Learning without Teaching. This was one of Reverend Daiko Matsuyama’s messages from Zen that resonates with my approach to education. Matsuyama, head priest of Taizoin Temple in Kyoto, part of Myōshinji temple complex associated with the Rinzai school of Zen Buddhism, visited Stanford this week and talked about Zen monastic life in Japan and his path to becoming a monk.

He explains that Zen is an action, not a philosophy. The essence of Zen cannot be discovered by simply reading philosophical books, as is popular in the West, but instead must be realized through the application of its basic, active principles to one’s daily life. This way of learning is experiential – rather than teaching through reading sacred texts and lectures, learning is seen as occurring through practice, through the body, through the senses.

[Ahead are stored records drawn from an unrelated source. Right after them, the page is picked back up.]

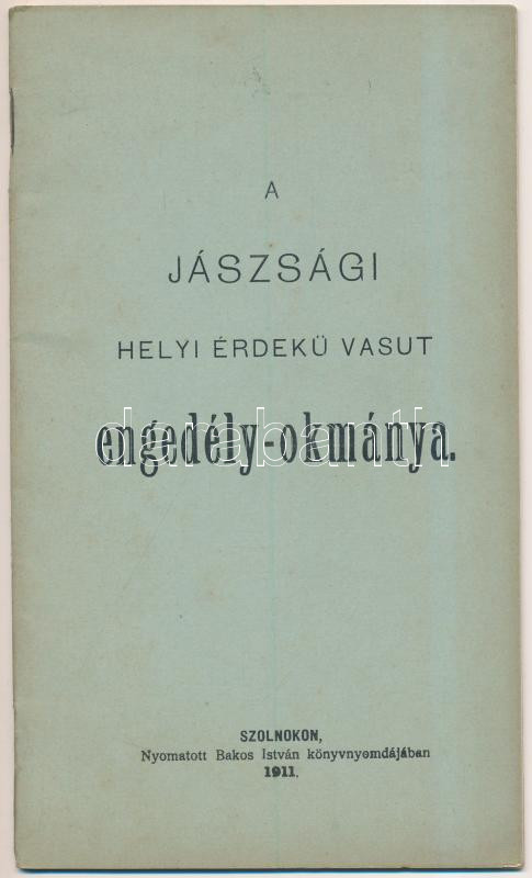 1911. A jászsági helyi érdekű vasút engedély-okmánya. Szolnok, 1911. B... https://www.darabanth.com/de/250-Fernauktion/250.0/Andere-Sammelgebiete/Drucksachen~1400004/1911-A-jaszsagi-helyi-erdeku-vasut-engedely-okmanya-Szolnok-1911-Bakos-Istvan-konyvnyom~II1097166
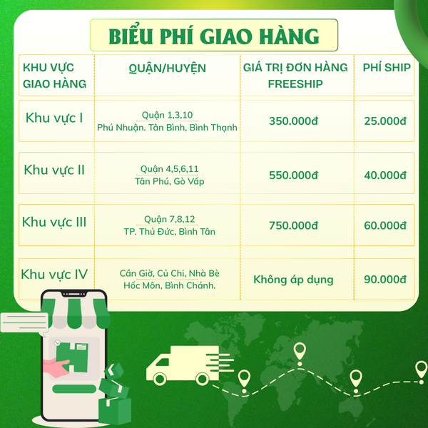 Khung giờ giao hàng: 08h00 – 16h00 hàng ngày.
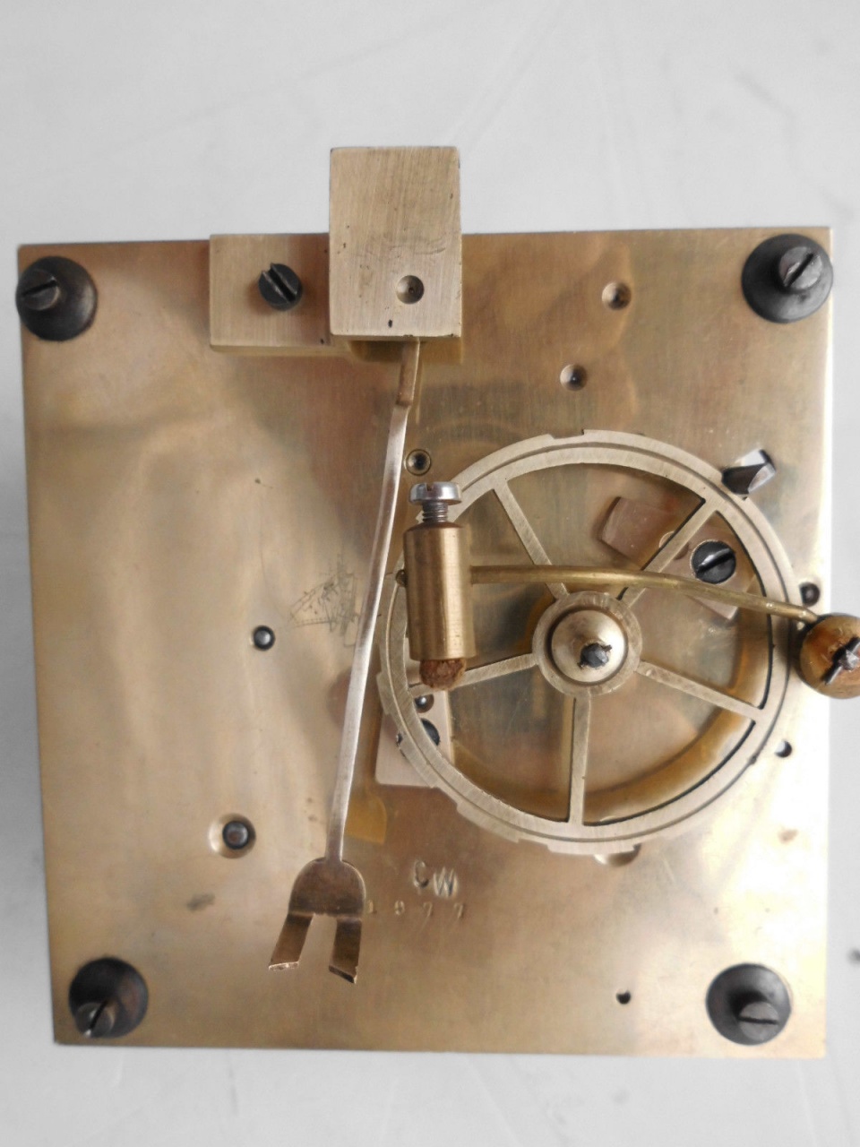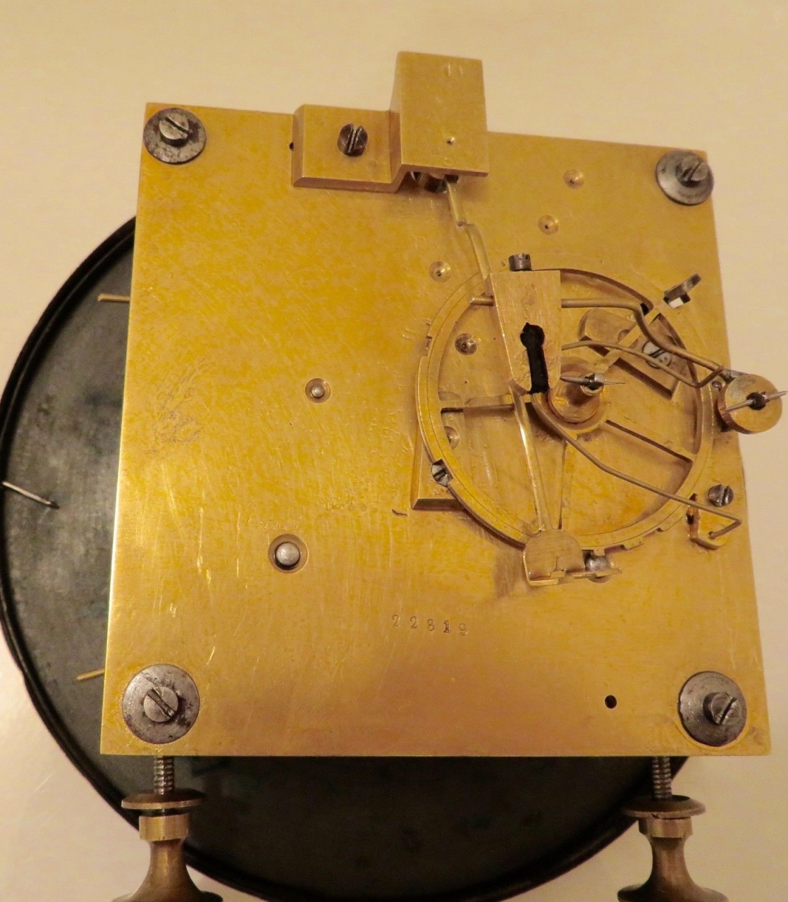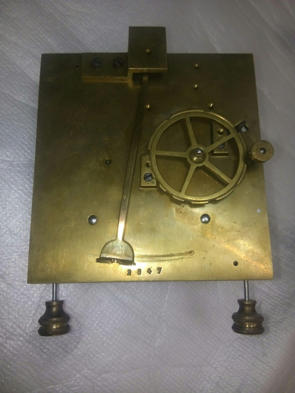 Кроме неправильной накладочки/моста, здесь другие посадочные отверстия, есть демпферная пластинка и отсутствуют технологические отверстия, которые есть на задней платине у других механизмов. При этом, если бы не шрифт, я бы отнесла этот механизм к ранним Mauthe. Вот все картинки этого механизма: Вложение 2580954Вложение 2580955Вложение 2580956Вложение 2580957 Кстати, кронштейн похож на маутевский. |

After his lecture, we went to my “mindfulness classroom,” where we were joined by Masa Yamamoto, from Dentsu, who is a student at Stanford Business School, and presently taking my class Heartfulness, and Taka Fujita of Nozomi.

I explained how my students are hungry for finding meaning and purpose in their lives, but are accustomed to an educational system that emphasizes active teaching and passive learning. I emphasize educational design, by setting the environment for learning, with principles similar to Zen, believing that synergistic learning occurs naturally if the right conditions are created. Students are challenged to both willfully and intentionally act and also be willing to let go and receive.

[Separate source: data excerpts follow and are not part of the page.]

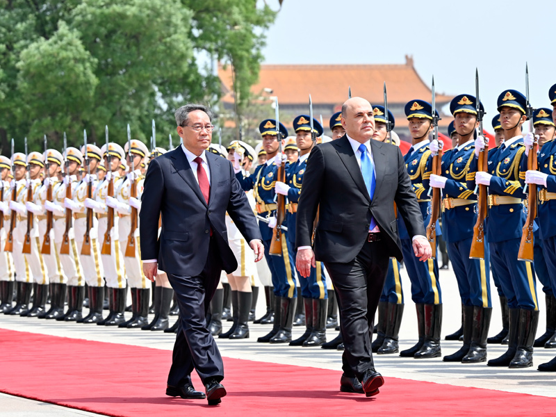 5月24日上午,国务院总理李强在北京人民大会堂同来华进行正式访问的俄罗斯总理米舒斯京举行会谈。这是会谈前,李强在人民大会堂东门外广场为米舒斯京举行欢迎仪式。新华社记者 殷博古 摄
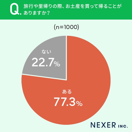 77.3%の方が旅行や里帰りの際、お土産を買って帰ることが「ある」と回答しています。
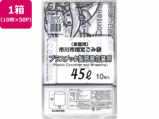 【お取り寄せ】送料無料 日本技研 市川市指定 プラスチック製容器用 45L 10枚×50P 半透明タイプ ゴミ袋 ゴミ箱 清掃
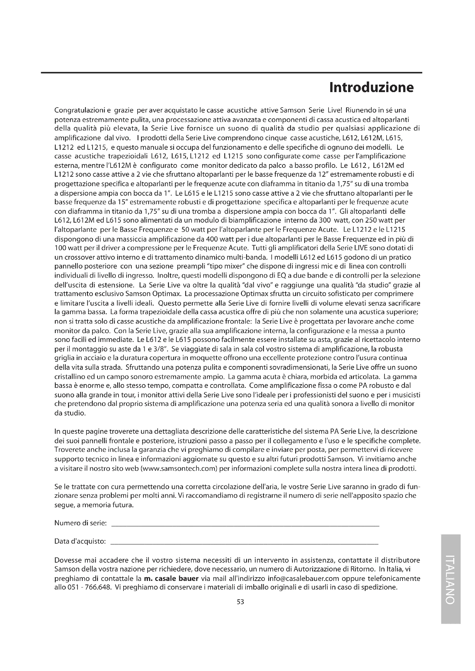 Congratulazioni e grazie per aver acquistato le casse acustiche attive Samson Serie Live! Riunendo in sé una potenza estremamente pulita, una processazione attiva avanzata e componenti di cassa acustica ed altoparlanti della qualità più elevata, la Serie Live fornisce un suono di qualità da studio per qualsiasi applicazione di amplificazione dal vivo. I prodotti della Serie Live comprendono cinque casse acustiche, L612, L612M, L615, L1212 ed L1215, e questo manuale si occupa del funzionamento e delle specifiche di ognuno dei modelli. Le casse acustiche trapezioidali L612, L615, L1212 ed L1215 sono configurate come casse per l’amplificazione esterna, mentre l’L612M è configurato come monitor dedicato da palco a basso profilo. Le L612 , L612M ed L1212 sono casse attive a 2 vie che sfruttano altoparlanti per le basse frequenze da 12” estremamente robusti e di progettazione specifica e altoparlanti per le frequenze acute con diaframma in titanio da 1,75” su di una tromba a dispersione ampia con bocca da 1”. Le L615 e le L1215 sono casse attive a 2 vie che sfruttano altoparlanti per le basse frequenze da 15” estremamente robusti e di progettazione specifica e altoparlanti per le frequenze acute con diaframma in titanio da 1,75” su di una tromba a dispersione ampia con bocca da 1”. Gli altoparlanti delle L612, L612M ed L615 sono alimentati da un modulo di biamplificazione interno da 300 watt, con 250 watt per l’altoparlante per le Basse Frequenze e 50 watt per l’altoparlante per le Frequenze Acute. Le L1212 e le L1215 dispongono di una massiccia amplificazione da 400 watt per i due altoparlanti per le Basse Frequenze ed in più di 100 watt per il driver a compressione per le Frequenze Acute. Tutti gli amplificatori della Serie LIVE sono dotati di un crossover attivo interno e di trattamento dinamico multi-banda. I modelli L612 ed L615 godono di un pratico pannello posteriore con una sezione preampli “tipo mixer” che dispone di ingressi mic e di linea con controlli individuali di livello di ingresso. Inoltre, questi modelli dispongono di EQ a due bande e di controlli per la selezione dell’uscita di estensione. La Serie Live va oltre la qualità “dal vivo” e raggiunge una qualità “da studio” grazie al trattamento esclusivo Samson Optimax. La processazione Optimax sfrutta un circuito sofisticato per comprimere e limitare l’uscita a livelli ideali. Questo permette alla Serie Live di fornire livelli di volume elevati senza sacrificare la gamma bassa. La forma trapezioidale della cassa acustica offre di più che non solamente una acustica superiore; non si tratta solo di casse acustiche da amplificazione frontale: la Serie Live è progettata per lavorare anche come monitor da palco. Con la Serie Live, grazie alla sua amplificazione interna, la configurazione e la messa a punto sono facili ed immediate. Le L612 e le L615 possono facilmente essere installate su asta, grazie al ricettacolo interno per il montaggio su aste da 1 e 3/8”. Se viaggiate di sala in sala col vostro sistema di amplificazione, la robusta griglia in acciaio e la duratura copertura in moquette offrono una eccellente protezione contro l’usura continua della vita sulla strada. Sfruttando una potenza pulita e componenti sovradimensionati, la Serie Live offre un suono cristallino ed un campo sonoro estremamente ampio. La gamma acuta è chiara, morbida ed articolata. La gamma bassa è enorme e, allo stesso tempo, compatta e controllata. Come amplificazione fissa o come PA robusto e dal suono alla grande in tour, i monitor attivi della Serie Live sono l’ideale per i professionisti del suono e per i musicisti che pretendono dal proprio sistema di amplificazione una potenza seria ed una qualità sonora a livello di monitor da studio. In queste pagine troverete una dettagliata descrizione delle caratteristiche del sistema PA Serie Live, la descrizione dei suoi pannelli frontale e posteriore, istruzioni passo a passo per il collegamento e l'uso e le specifiche complete. Troverete anche inclusa la garanzia che vi preghiamo di compilare e inviare per posta, per permettervi di ricevere supporto tecnico in linea e informazioni aggiornate su questo e su altri futuri prodotti Samson. Vi invitiamo anche a visitare il nostro sito web (www.samsontech.com) per informazioni complete sulla nostra intera linea di prodotti. Se le trattate con cura permettendo una corretta circolazione dell'aria, le vostre Serie Live saranno in grado di fun- zionare senza problemi per molti anni. Vi raccomandiamo di registrarne il numero di serie nell'apposito spazio che segue, a memoria futura. Numero di serie: ______________________________________________________________________ Data d'acquisto: ______________________________________________________________________ Dovesse mai accadere che il vostro sistema necessiti di un intervento in assistenza, contattate il distributore Samson della vostra nazione per richiedere, dove necessario, un numero di Autorizzazione di Ritorno. In Italia, vi preghiamo di contattale la m. casale bauer via mail all'indirizzo info@casalebauer.com oppure telefonicamente allo 051 - 766.648. Vi preghiamo di conservare i materiali di imballo originali e di usarli in caso di spedizione. IntroduzioneITALIANO
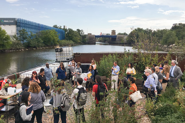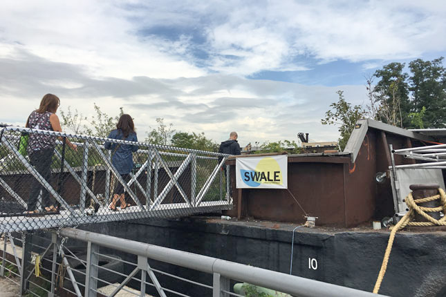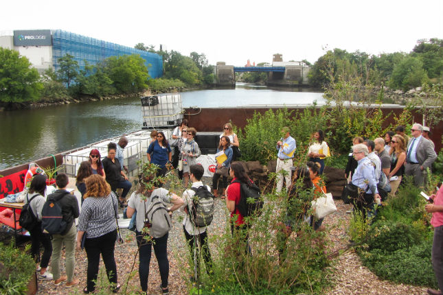 We then walked back across the Bronx River to our final destination, Concrete Plant Park. The park is currently home to Swale, a floating food forest built atop a working barge that we boarded upon arrival. We heard from the Swale team as well as YMPJ staff about their collaborative efforts to bring this interactive edible art piece to the community and went on a short foraging tour of our own.
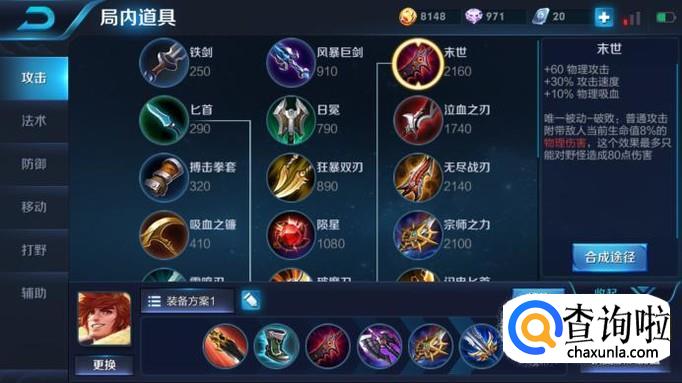 接下来把中级打野刀升级为高级打野刀,增加攻速,然后依次出黑切,宗师之力,破军,这个出装方案可以咋一看觉得没有什么伤害,但是在战斗中实测的时候可以看到这个出装伤害是非常高的,不论是打脆皮还是战士的效果都很好。
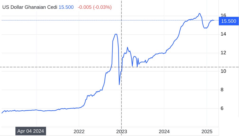 Ghana's Cedi depreciates 19% annually from 2022-2024 amid economic instability.

Matsuyama shared his observation that mindfulness in Silicon Valley is utilitarian, focused on achieving an outcome, a product, whereas Zen has no purpose of achieving anything but clarity. To me, the mainstream culture of individualism and the value of achieving happiness through getting more and more permeates mindfulness in the Valley and at Stanford. My form of mindfulness, which I call heartfulness, brings the focus to acceptance, to compassion, community, and service.

Matsuyama’s explanation of Taru o shiru is highly relevant for the high flyers in the Silicon Valley. It means to be content with what you are and what you have. One way people try to increase happiness is to gain more, while the Buddhist way is to want less. Acquiring new things is exciting and makes you happier for a moment, but humans are greedy and once we get something we want more and happiness lessens.

My disillusionment with mindfulness here draws me to Japan where I sense great possibilities for a more heartful way of being. I believe that the spiritual foundation of Zen gives mindfulness great potential to truly transform lives and society. This a belief he and I share and are developing and spreading around the world.